What are the responsibilities and job description for the Lead AI Engineer position at Indotronix Avani Group?
Title: Lead AI Engineer (W2 Only)
Duration: 6 Months Contract
Client Location: St Petersburg, FL (100% Remote)
Skills:
Required
- 8 years of senior engineering experience building enterprise-grade software that other engineers or business teams depend on — internal platforms, large-scale services, developer tooling, SDKs, or similar systems. At least two of those years must be deeply hands-on with large language models or agentic systems (this is non-negotiable for this role).
- Prior experience building or extending agentic coding tools like Claude Code or OpenAI Codex, and IDEs like VS Code — or comparable tools.
- Strong Python skills, and enough Node.js / TypeScript to be effective on the parts of the platform that require it.
- Direct experience designing or substantially extending integrations between AI coding tools and external systems (any of: Model Context Protocol servers, custom LangChain/LangGraph tools, Copilot extensions, JetBrains AI plugins, Cursor / Continue / Aider integrations).
- A working point of view on at least one production AI coding tool — enough to reason intelligently about prompt design, tool-use loops, context window economics, and where these systems tend to fail.
- Experience with more than one LLM provider, and a clear position on building provider-agnostic abstractions so the platform isn't trapped on a single vendor's roadmap.
- Cross-platform engineering experience across Windows, macOS, and Linux, including the realities of installers, path handling, shells, and credential storage on each.

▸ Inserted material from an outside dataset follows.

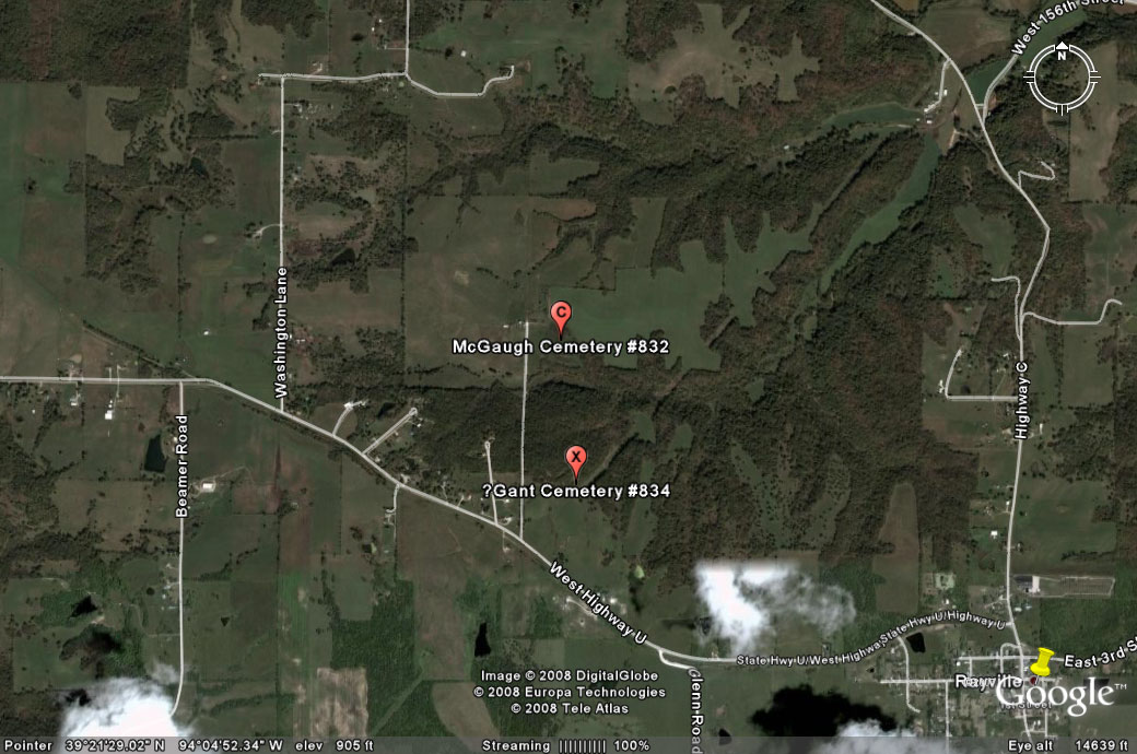 | Most recent directions | From the intersection of Hwy C and Hwy U in Rayville, travel west on Hwy U for about 1.3 miles. Turn north on White Lane and proceed to the end of the lane about 1/2 mile. Cemetery is located about 150 yards east of the lane in a small wooded area that lies in the middle of a cattle pasture. (2008) | |||||||
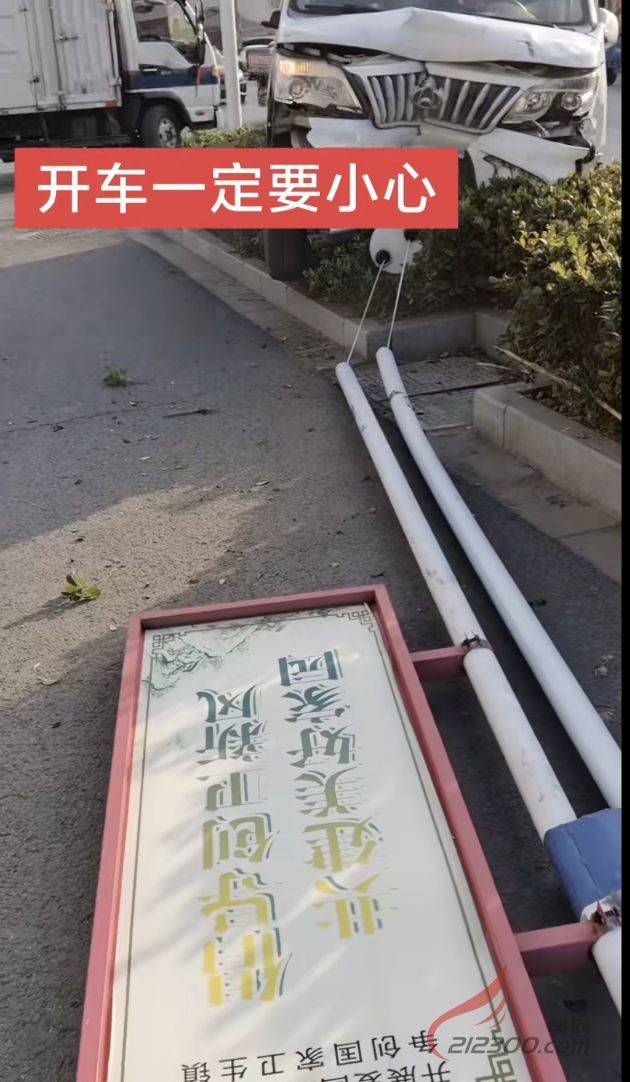 路边杆子都撞断了啊

- Background in one or more of the technology stacks our application teams use (Python, Java/Spring, Angular, React, .NET, Oracle, Redshift, SQL Server) — enough to be credible reviewing stack-specific contributions.
- A track record of shipping infrastructure that other engineers depend on every day, and being accountable when it breaks.
- Comfort working in a regulated environment — financial services — with the discipline that implies around secrets, data classification, change management, and auditability, and practical experience with the security and data-protection concerns specific to LLM systems: prompt-injection mitigation, secret-leak prevention through prompts and tool outputs, PII redaction, and trust boundaries around model output.
- Deep, hands-on knowledge of the software development lifecycle and modern engineering methodologies — agile, trunk-based development, code review, CI/CD, and observability-driven operations — and experience operating in a mature CI/CD and observability environment (e.g., Azure DevOps, Jenkins, SonarQube, and a log or APM platform such as Splunk, Datadog, or Dynatrace).
- Demonstrated technical leadership without direct authority — you have written architecture decision records that drove real consensus, presented technical direction to senior engineering and business leadership, and mentored other senior engineers (not just juniors) into stronger work.
- Prior work on agent evaluation — golden task sets, regression suites, judge models, or other ways of measuring whether an AI workflow is actually getting better over time.
- Active engagement with the developer-tools, AI agents, or AI/ML open-source community — substantive contributions, conference talks, or published writing that demonstrates depth and a public point of view.